- YOUR TASK: Nothing but the lines from the one containing "Hooking up an" through the end of the entries below should appear in your answer, transcribed exactly; please drop the pictures.

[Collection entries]

((

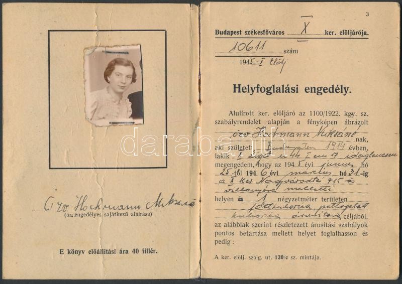 1945 Helyfoglalási engedély, Budapest X. ker. elöljárója, pp.:12, 15x1... https://www.darabanth.com/hu/269-Gyorsarveres/269.0/Festmeny-mutargy-papirregiseg-egyeb/Okmanyok~19/1945-Helyfoglalasi-engedely-Budapest-X-ker-eloljaroja-pp12-15x10cm~II1355421
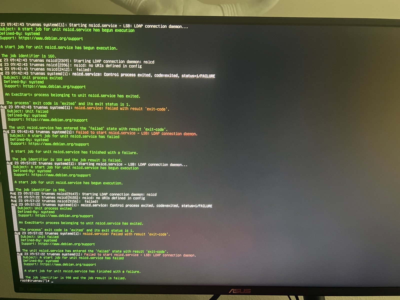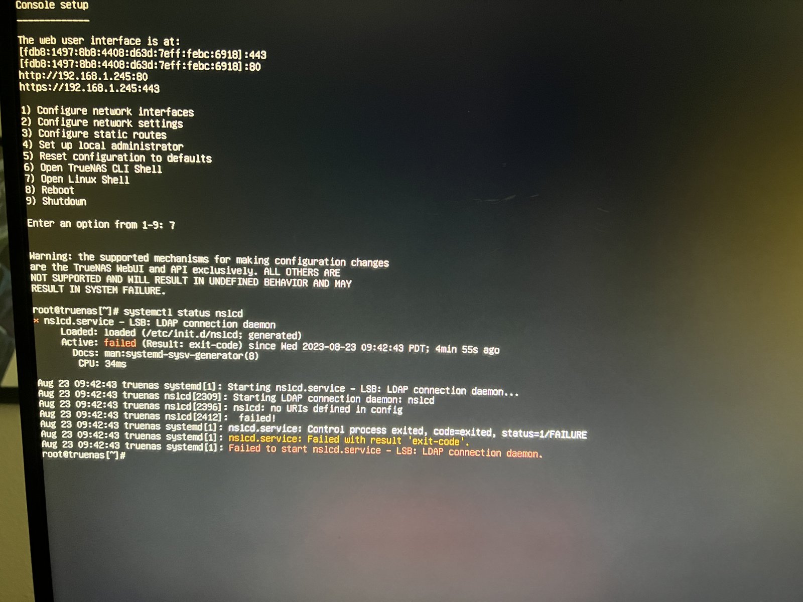 Hooking up an external monitor, I was shown a “Failed to start nslcd.service - LSB: LDAP connection daemon.” With further digging, I found “nslcd.service: failed with result ‘exit-code” and “nslcd: no URIs defined in config”. Despite re-installing the TrueNAS os onto the boot drive and trying on another drive, it still fires these same errors.
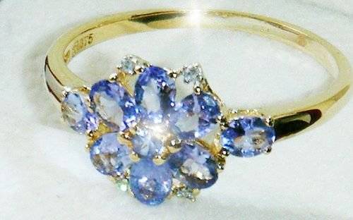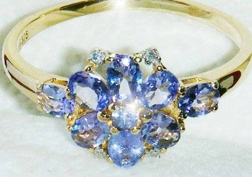 SUPERB 9CT YELLOW GOLD TANZANITE & DIAMOND CLUSTER RING SIZE U
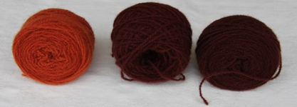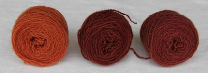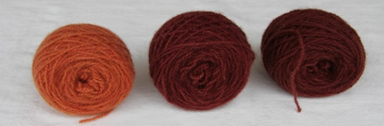 Fargingen: Soppen kokt i 15 min og silt fra. De tre beisene var samtidig i fargebadet – fargetid 15 min ved pH 5,5, og deretter lå garnet i vann av samme temperatur fargetiden ut. Garnet ble skylt og tørket.
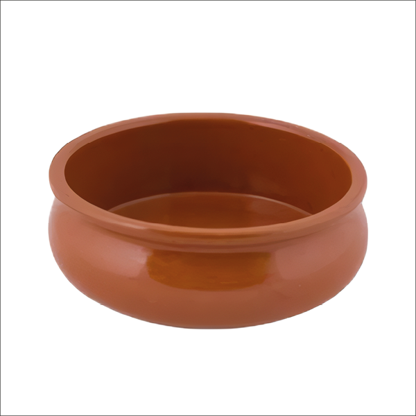 Cazuela de barro abombada de 18 cm, elaborada con un material duradero, diseñada para proporcionar una cocción homogénea y una óptima retención del calor en el sector horeca.

))

- RESPONSE BOX:
 Hooking up an external monitor, I was shown a “Failed to start nslcd.service - LSB: LDAP connection daemon.” With further digging, I found “nslcd.service: failed with result ‘exit-code” and “nslcd: no URIs defined in config”. Despite re-installing the TrueNAS os onto the boot drive and trying on another drive, it still fires these same errors.
 SUPERB 9CT YELLOW GOLD TANZANITE & DIAMOND CLUSTER RING SIZE U
 Fargingen: Soppen kokt i 15 min og silt fra. De tre beisene var samtidig i fargebadet – fargetid 15 min ved pH 5,5, og deretter lå garnet i vann av samme temperatur fargetiden ut. Garnet ble skylt og tørket.
 Cazuela de barro abombada de 18 cm, elaborada con un material duradero, diseñada para proporcionar una cocción homogénea y una óptima retención del calor en el sector horeca.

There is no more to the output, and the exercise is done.